*** Provided entries ***

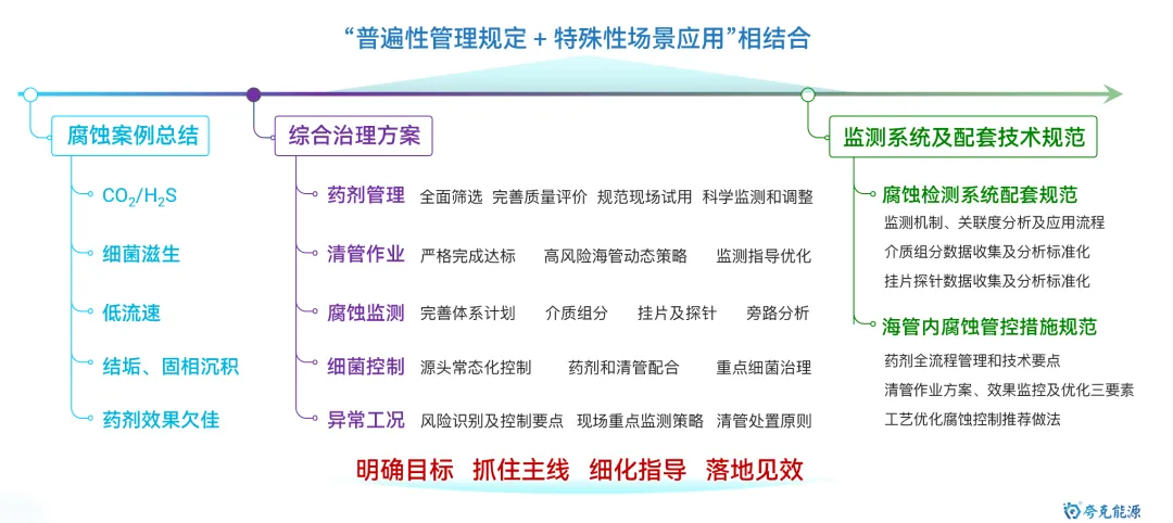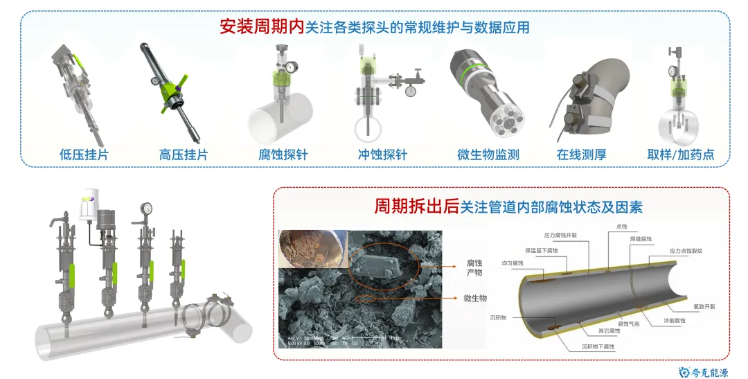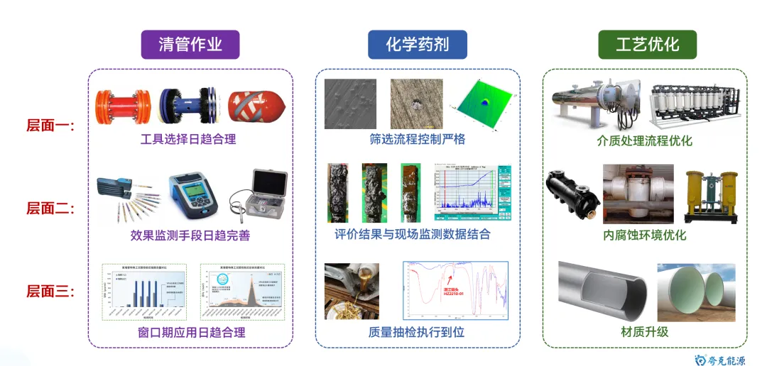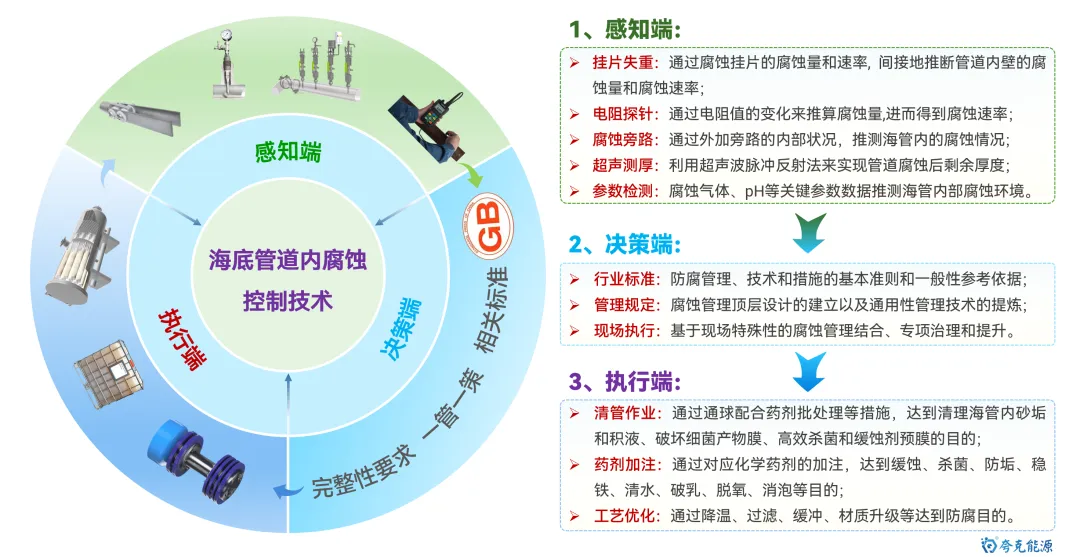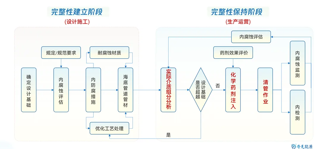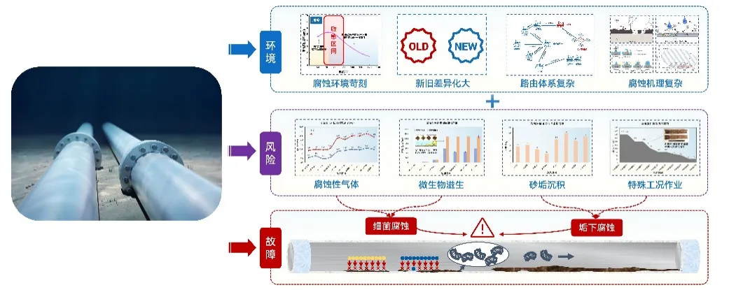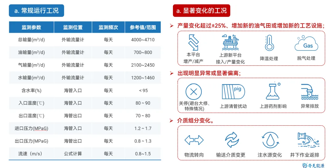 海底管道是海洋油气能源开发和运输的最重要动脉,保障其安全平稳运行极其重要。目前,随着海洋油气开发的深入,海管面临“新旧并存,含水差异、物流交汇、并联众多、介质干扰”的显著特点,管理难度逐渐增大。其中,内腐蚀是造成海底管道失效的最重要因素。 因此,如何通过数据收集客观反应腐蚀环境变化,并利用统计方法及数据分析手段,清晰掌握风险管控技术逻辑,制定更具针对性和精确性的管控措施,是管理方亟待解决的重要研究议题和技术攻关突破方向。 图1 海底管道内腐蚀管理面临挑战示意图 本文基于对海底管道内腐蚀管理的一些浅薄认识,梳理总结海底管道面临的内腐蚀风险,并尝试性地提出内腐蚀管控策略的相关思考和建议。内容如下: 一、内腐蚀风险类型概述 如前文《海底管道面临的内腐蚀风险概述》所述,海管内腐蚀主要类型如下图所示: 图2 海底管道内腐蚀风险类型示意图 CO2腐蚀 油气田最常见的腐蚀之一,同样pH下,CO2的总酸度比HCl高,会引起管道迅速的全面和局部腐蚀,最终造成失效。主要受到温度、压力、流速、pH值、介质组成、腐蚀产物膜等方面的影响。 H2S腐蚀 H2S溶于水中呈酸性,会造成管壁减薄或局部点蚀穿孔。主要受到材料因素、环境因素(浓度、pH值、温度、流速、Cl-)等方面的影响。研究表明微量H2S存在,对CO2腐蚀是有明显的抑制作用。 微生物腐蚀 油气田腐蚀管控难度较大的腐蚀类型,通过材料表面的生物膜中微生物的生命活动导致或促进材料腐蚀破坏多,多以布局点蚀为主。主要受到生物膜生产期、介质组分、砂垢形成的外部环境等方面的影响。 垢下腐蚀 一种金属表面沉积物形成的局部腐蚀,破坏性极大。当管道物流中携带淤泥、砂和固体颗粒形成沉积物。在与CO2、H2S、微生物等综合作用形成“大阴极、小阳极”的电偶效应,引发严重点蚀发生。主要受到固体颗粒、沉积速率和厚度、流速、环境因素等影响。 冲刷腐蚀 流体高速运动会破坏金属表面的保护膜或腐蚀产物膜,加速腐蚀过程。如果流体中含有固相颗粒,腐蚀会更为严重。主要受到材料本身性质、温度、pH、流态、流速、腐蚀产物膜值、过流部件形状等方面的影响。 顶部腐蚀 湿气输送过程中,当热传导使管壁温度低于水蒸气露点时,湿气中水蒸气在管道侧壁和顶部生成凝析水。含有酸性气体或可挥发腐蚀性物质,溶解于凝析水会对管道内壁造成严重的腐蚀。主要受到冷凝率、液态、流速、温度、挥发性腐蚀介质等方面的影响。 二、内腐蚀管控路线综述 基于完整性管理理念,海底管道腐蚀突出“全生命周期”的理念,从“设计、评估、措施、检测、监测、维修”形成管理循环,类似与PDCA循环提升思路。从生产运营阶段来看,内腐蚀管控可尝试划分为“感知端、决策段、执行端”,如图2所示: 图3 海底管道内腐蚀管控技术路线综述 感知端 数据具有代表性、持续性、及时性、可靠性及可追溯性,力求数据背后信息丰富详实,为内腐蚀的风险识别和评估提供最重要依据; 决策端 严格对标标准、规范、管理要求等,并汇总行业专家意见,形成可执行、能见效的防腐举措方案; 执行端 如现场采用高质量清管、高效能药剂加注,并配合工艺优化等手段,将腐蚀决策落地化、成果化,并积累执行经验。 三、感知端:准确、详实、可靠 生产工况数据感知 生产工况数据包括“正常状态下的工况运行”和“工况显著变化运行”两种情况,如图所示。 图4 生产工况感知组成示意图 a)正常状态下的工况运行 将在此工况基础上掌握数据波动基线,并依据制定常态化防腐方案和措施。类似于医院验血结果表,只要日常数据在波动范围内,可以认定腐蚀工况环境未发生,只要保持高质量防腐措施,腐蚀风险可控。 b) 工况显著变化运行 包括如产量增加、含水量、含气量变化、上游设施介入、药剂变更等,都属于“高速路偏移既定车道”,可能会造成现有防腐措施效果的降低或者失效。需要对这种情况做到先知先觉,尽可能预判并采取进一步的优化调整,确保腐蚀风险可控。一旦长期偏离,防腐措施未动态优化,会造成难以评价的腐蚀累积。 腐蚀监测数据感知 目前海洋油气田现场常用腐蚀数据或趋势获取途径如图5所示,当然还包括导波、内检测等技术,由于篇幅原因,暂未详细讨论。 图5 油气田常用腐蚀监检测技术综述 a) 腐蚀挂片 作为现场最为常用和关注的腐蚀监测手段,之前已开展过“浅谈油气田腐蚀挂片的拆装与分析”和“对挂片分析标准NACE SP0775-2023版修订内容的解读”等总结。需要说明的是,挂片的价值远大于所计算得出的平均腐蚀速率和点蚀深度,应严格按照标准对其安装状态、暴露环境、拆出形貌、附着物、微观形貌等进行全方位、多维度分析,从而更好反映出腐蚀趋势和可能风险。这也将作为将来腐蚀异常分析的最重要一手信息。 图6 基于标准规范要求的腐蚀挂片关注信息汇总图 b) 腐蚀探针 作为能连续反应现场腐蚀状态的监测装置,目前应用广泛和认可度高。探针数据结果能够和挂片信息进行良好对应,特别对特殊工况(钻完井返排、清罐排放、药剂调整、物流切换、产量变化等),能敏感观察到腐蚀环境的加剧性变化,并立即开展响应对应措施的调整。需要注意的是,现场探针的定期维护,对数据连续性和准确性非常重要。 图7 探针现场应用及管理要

*** End of Provided entries ***
*** Provided entries ***

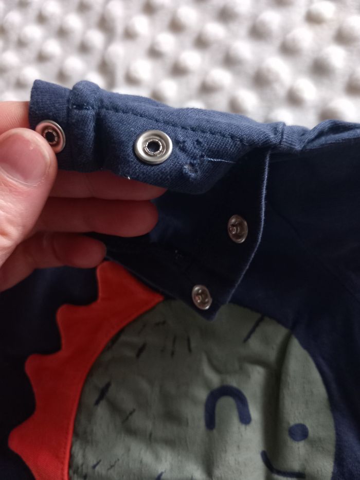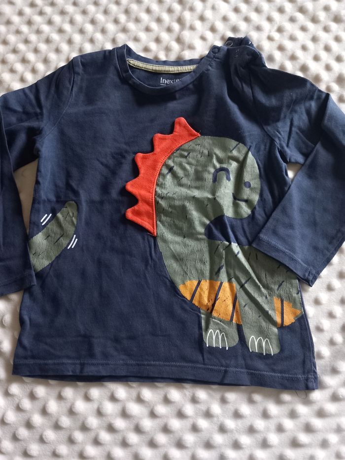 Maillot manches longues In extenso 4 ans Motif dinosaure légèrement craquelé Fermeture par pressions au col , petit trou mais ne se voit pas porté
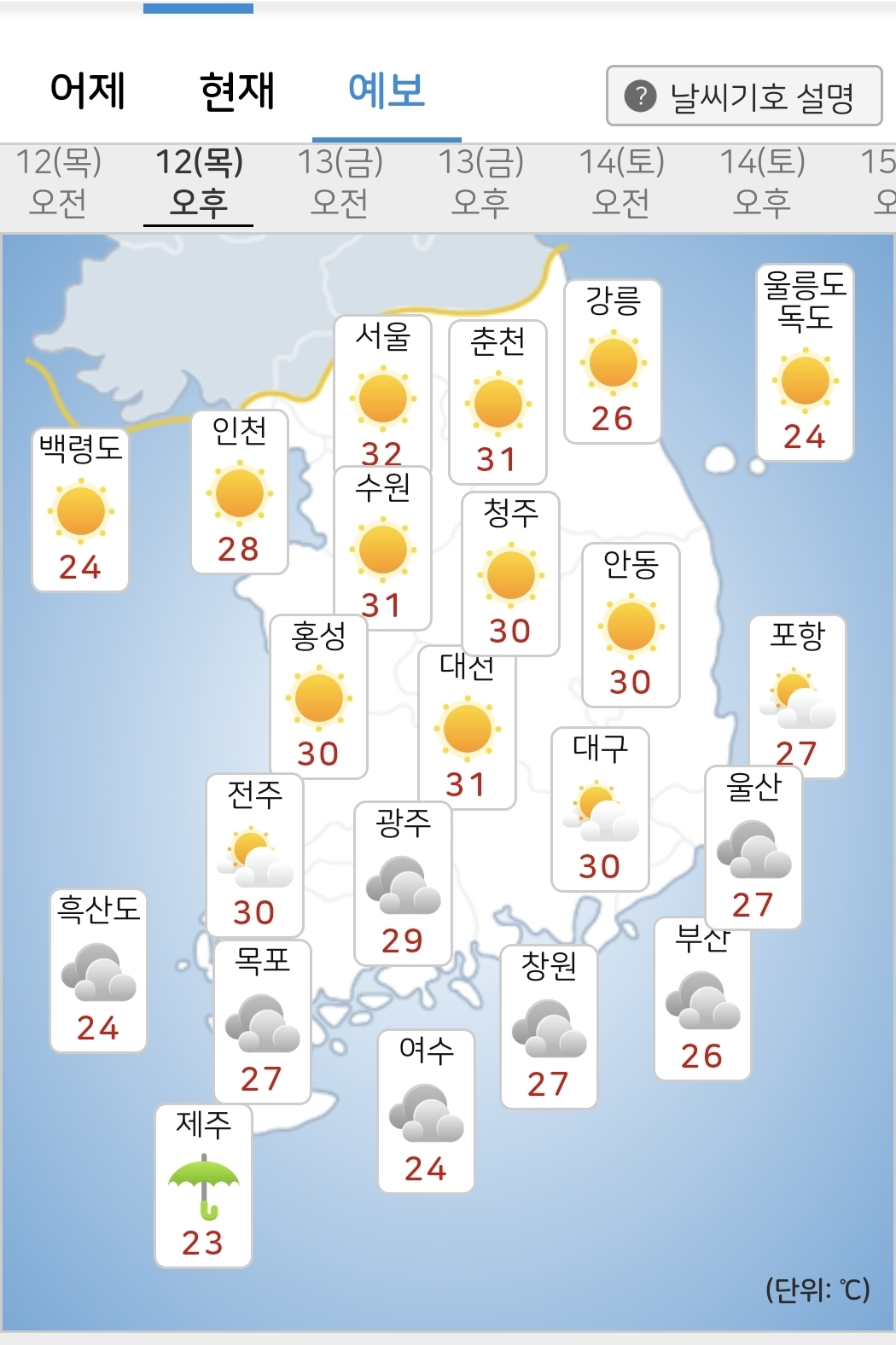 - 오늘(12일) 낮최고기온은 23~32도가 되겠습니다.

*** End of Provided entries ***

# Action item:
Reproduce exactly the lines above that run from the one with "Maillot manches longues" to the one with "- 오늘(12일) 낮최고기온은 23~32도가 되겠습니다.", both included, leaving pictures out.

# Result for this exercise:
 Maillot manches longues In extenso 4 ans Motif dinosaure légèrement craquelé Fermeture par pressions au col , petit trou mais ne se voit pas porté
 - 오늘(12일) 낮최고기온은 23~32도가 되겠습니다.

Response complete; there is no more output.